Seven years in the writing, this is a significant and comprehensive history of African Americans and their quest for recognition in the Episcopal Church. It completes a trilogy that began with George Freeman Bragg's History of the Afro-American Group (1922) and continued with Harold Lewis's Yet with a Steady Beat (1996).
Shattuck focuses on the church in the South and shatters the myth of the unified biracial society, perpetuated well into the middle of the 20th century by many southern churchmen. His retelling of history describes the Episcopal Church's struggle since the end of the Civil War to share leadership and resources on an equal footing with its black communicants.
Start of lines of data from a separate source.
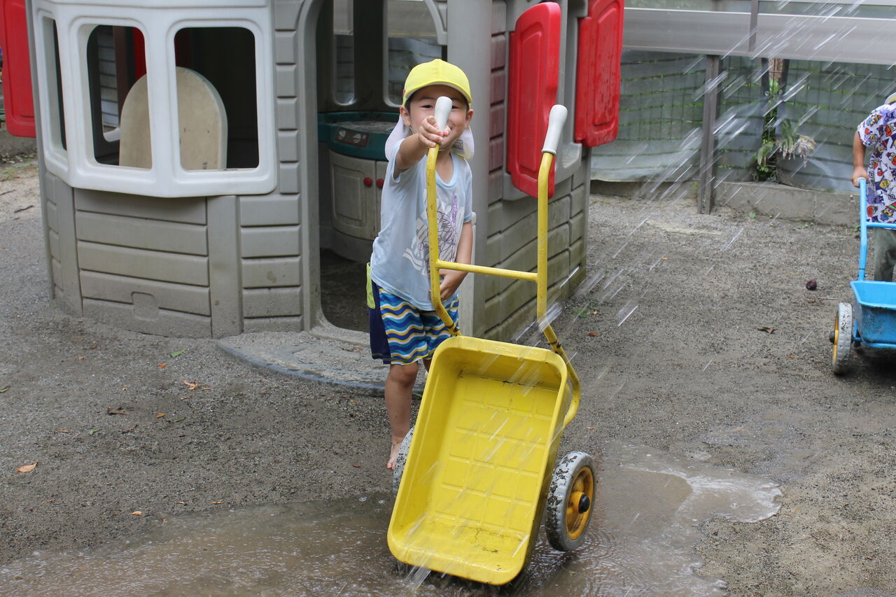 おもちゃを使ってお水を運んでみるお友達もいますよ✨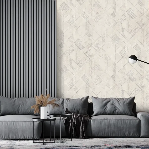 کاغذ دیواری طرح هندسی / پتینه سفید کد ۱۱۰۳۴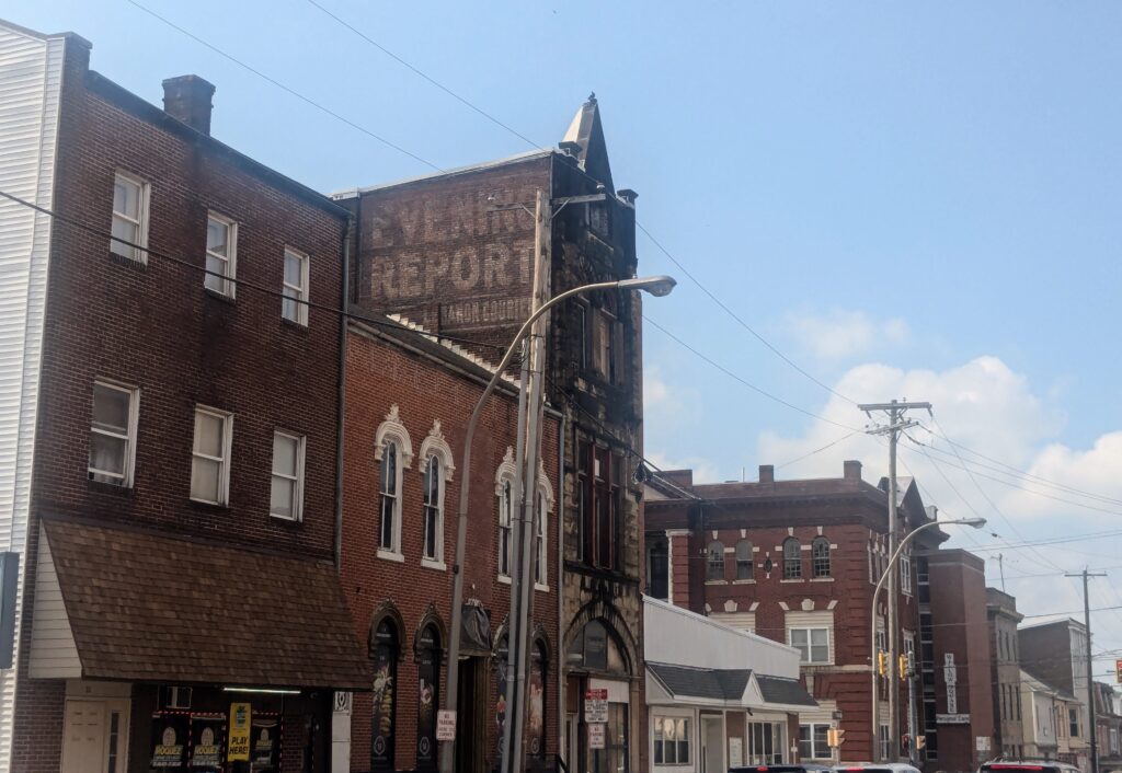 Featuring prominently an advertisement for the Evening Report Publishing Company, this building (located at 41 N. 9th Street) was once a printing press for multiple local news outlets.

Shattuck recounts the story of this struggle through many prophetic and visionary voices, both personal and institutional, black and white--Alexander Crummell, Thurgood Marshall, John Morris, Tollie Caution, Barbara Harris, the Conference of Church Workers among Colored People, the Episcopal Society for Cultural and Racial Unity, the General Convention Special Program and the Union of Black Episcopalians, to name a few.
Fifteen pages of photographs (mostly from the Episcopal Church archives) depict some of the movements supporters and detractors. Almost 65 pages of meticulous, well-documented footnotes led this reader to wonder if the author might consider writing another book or two on this subject.
In its closing pages the book asks, "Can the members of the Episcopal Church involve themselves in the spiriual and theological discipline necessary for a radical process of institutional transformation?" Shattuck's epilogue seems to answer no to this question as he laments Presiding Bishop Edmond Browning's decision not to move the 1991 General Convention from Phoenix when Arizona voters defeated a referendum that would have created a holiday honoring Martin Luther King Jr.
Shattuck never impugns the motives of those about whom he writes. Always forthright, he conveys a personal affection for his beloved church and its members. He would take comfort in the recent decision of the present presiding bishop to withdraw the General Convention from the Adams Mark Hotel in Denver when evidence of racist attitudes and practices came to light.